PROBLEM:
Drop every picture. Then return, exactly, the lines from the beginning of the listing below through the one containing "Below are instructions".

━━━━━ GIVEN INFORMATION ━━━━━

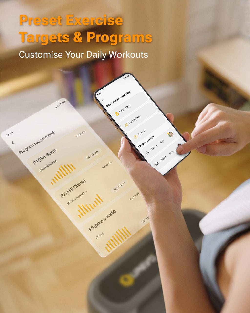 - Parámetros de entrenamiento mostrados: Calorías, Monitor, Velocidad, Step counter, Tiempo
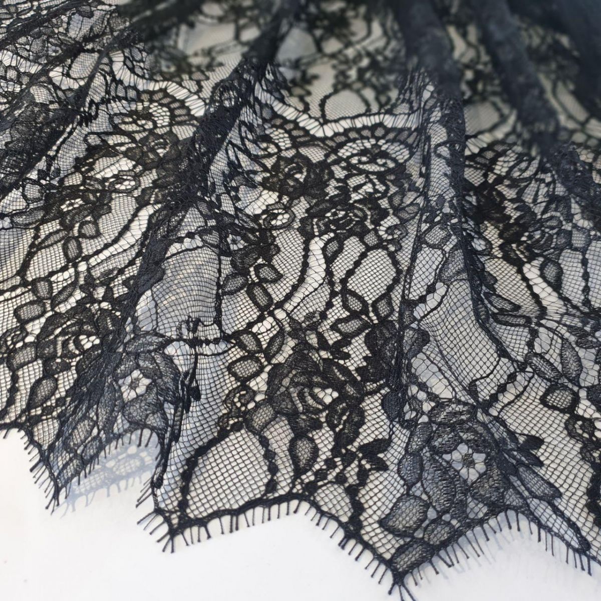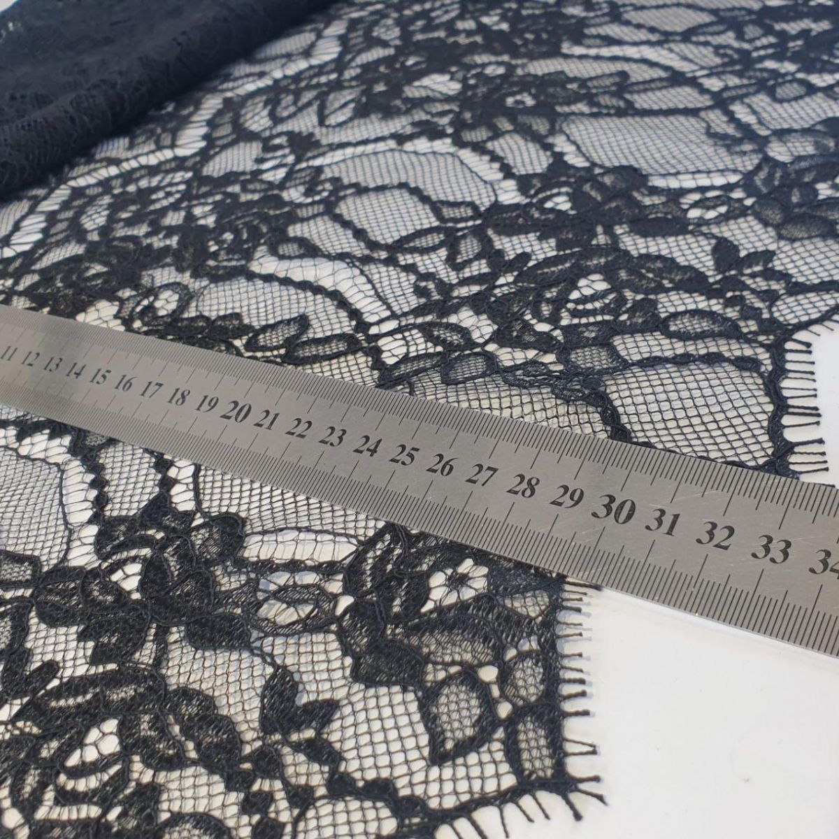 Мереживне полотно "Stella" з кордовою ниткою можна розрізати на фрагменти, які можна використовувати як окремі смуги мережива довжиною 1,5 метра та шириною 28 см з фігурним краєм з віями. Тканина в міру щільна, добре тримає форму, обробка кордовою ниткою по лицьовому боці додає малюнку виразності та фактурності. Виворітна сторона гладка. Тканина не тягнеться, але злегка грає завдяки сітці основі.
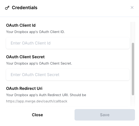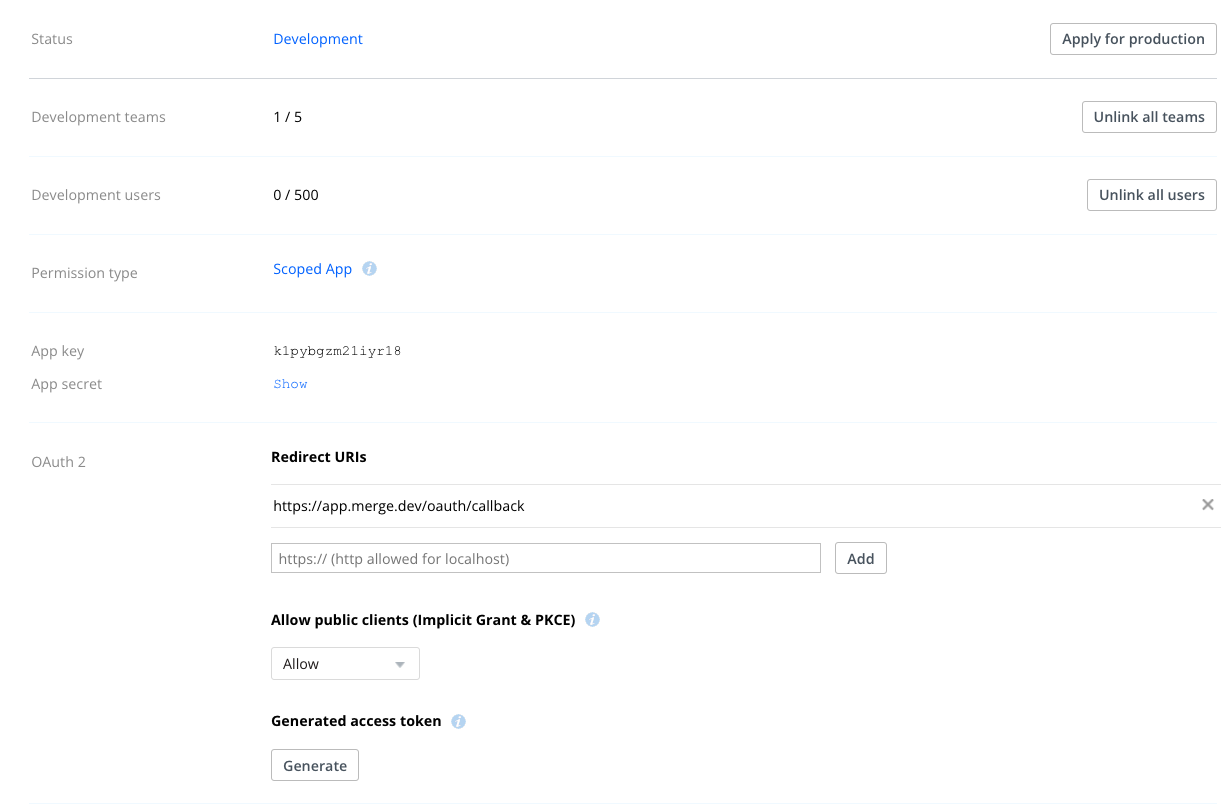 Below are instructions on how to get your Dropbox OAuth app set up with Merge.
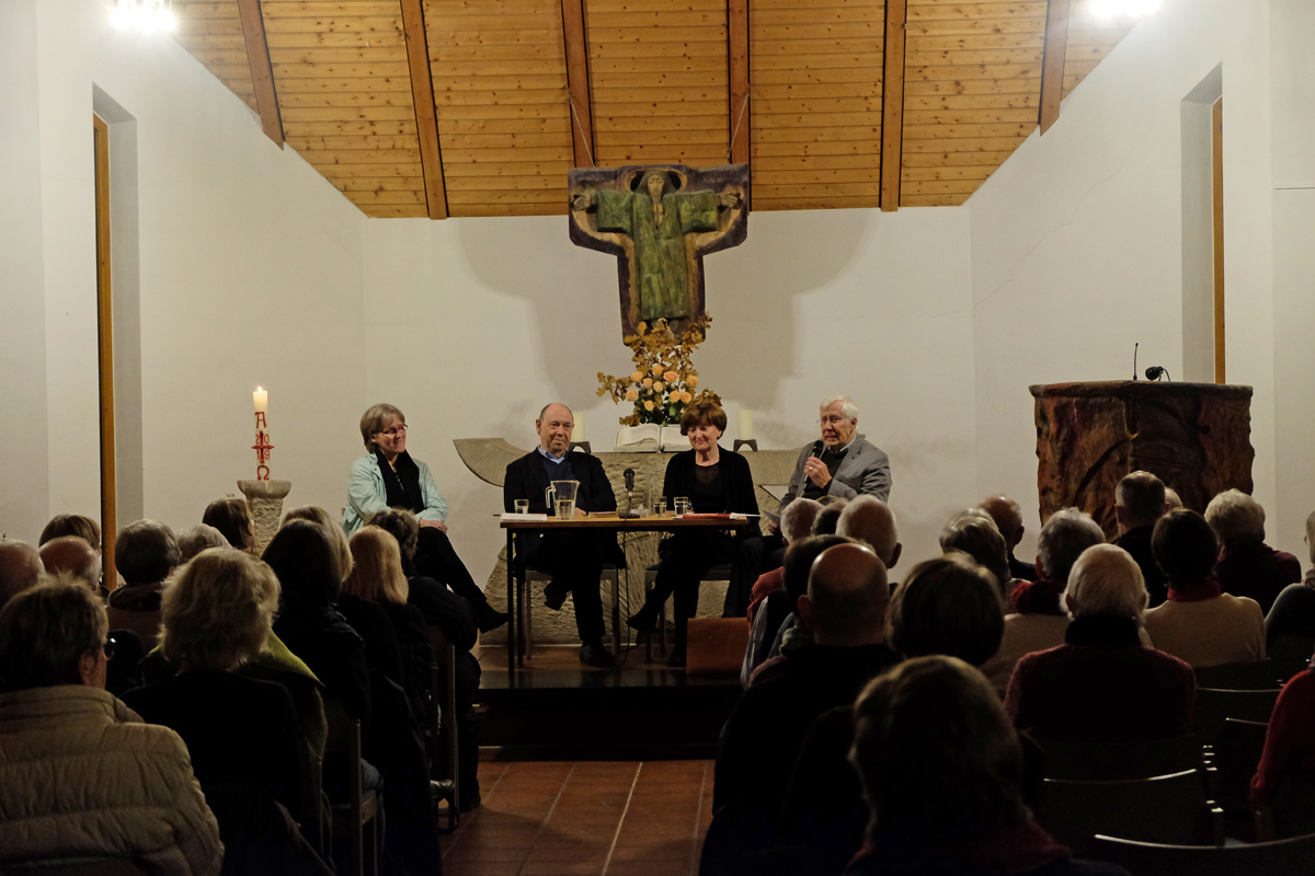 Die Fragen rund um Sterbehilfe in Deutschland, was erlaubt ist und was erlaubt sein sollte, bewegt offenbar auch viele Menschen in Barsinghausen. Mehr als 100 Gäste verfolgten das Gespräch von Anne und Nikolaus Schneider in der Petruskirche am Montag, 25. November. Moderiert durch Heinz-Jürgen Görtz, katholischer Theologe und früherer Professor an der Universität Hannover, erinnerte das Ehepaar an eine Zeit, als beide öffentlich über ihre jeweilige Haltung zur aktiven Sterbehilfe diskutierten. Vor fünf Jahren erkrankte Anne Schneider an einer aggressiven Form des Brustkrebses. Ihr Mann war zu der Zeit Ratsvorsitzender der Evangelischen Kirche in Deutschland (EKD). Beide positionierten sich damals unterschiedlich – und begründeten ihre Entscheidungen auch jeweils aus ihrem christlichen Glauben. Sie hatte damals den Wunsch, als noch unklar war, ob die Behandlung Erfolg haben würde: „Wenn nichts mehr hilft, will ich in die Schweiz fahren, um dort Sterbehilfe zu erfahren“. Er hätte sie in die Schweiz begleitet, aber lehnt eine gesetzlich geregelte Sterbehilfe ab. Über ihre Diskussionen entstand ein Buch („Vom Leben und Sterben“ – Eine Ehepaar diskutiert über Sterbehilfe, Tod und Ewigkeit, Neukirchner Verlag), aus dem sie zum Ende der Veranstaltung eine kurze Passage lasen. Verändert hätten sich beide Positionen auch in den letzten Jahren nicht, betonten sie. Schon vor ihrer Erkrankung diskutierten sie in der Öffentlichkeit, so beim Kirchentag in Hannover über die Erfahrung auch des Krebstodes ihrer jüngsten Tochter Meike. „Miteinander reden hilft. Es ist eine gewisse Form der Verarbeitung für uns beide. Aber wir sind nicht die Einzigen, es sind vielen, die auch betroffen sind“, betonte Nikolaus Schneider. 2014, vor der Krebsdiagnose seiner Frau, sollten bereits Fragen der Sterbehilfe von der EKD thematisiert werden, weil es gesellschaftspolitisch auf der Tagesordnung stand. Um seine Frau dann während der Erkrankung begleiten zu können, gab er sein Amt als EKD-Vorsitzender auf. „Der Staat soll das Leben grundsätzlich schützen und bewahren. Deshalb muss er Rahmenbedingungen schaffen, in dem auch das Sterben geschützt wird. Das heißt, es sind gute Bedingungen nötig, wie eine gut ausgestattete Palliativmedizin, gute Pflege und ein Wissen um den Umgang mit Sterbenden. Die Würde des Menschen steht an erster Stelle auch im Sterben“, machte Nikolaus Schneider deutlich. Deshalb dürfe der Staat auch keine Regelung treffen, wie Menschen getötet werden. In Ausnahmesituationen und in Barmherzigkeit gegenüber dem Sterbenden könne dessen Sterbenszeit verkürzt werden – ohne, dass anschließend die Ärzte Besuch von der Staatsanwaltschaft erhalten. Für Anne Schneider soll auch der Staat das Leben schützen, es dürfe aber keinen Zwang zu leben geben. In freier Entscheidung müsse ein Mensch seine Sterbensphase verkürzen können. Wichtig ist ihr eine Beratungspflicht von Sterbewilligen. Kein Arzt dürfe zur Sterbehilfe verpflichtet werden. Aber sie wolle, dass es eine rechtliche Freiheit der einzelnen Menschen gäbe, selbstbestimmt zu sterben.

━━━━━

ANSWER AREA:
 - Parámetros de entrenamiento mostrados: Calorías, Monitor, Velocidad, Step counter, Tiempo
 Мереживне полотно "Stella" з кордовою ниткою можна розрізати на фрагменти, які можна використовувати як окремі смуги мережива довжиною 1,5 метра та шириною 28 см з фігурним краєм з віями. Тканина в міру щільна, добре тримає форму, обробка кордовою ниткою по лицьовому боці додає малюнку виразності та фактурності. Виворітна сторона гладка. Тканина не тягнеться, але злегка грає завдяки сітці основі.
 Below are instructions on how to get your Dropbox OAuth app set up with Merge.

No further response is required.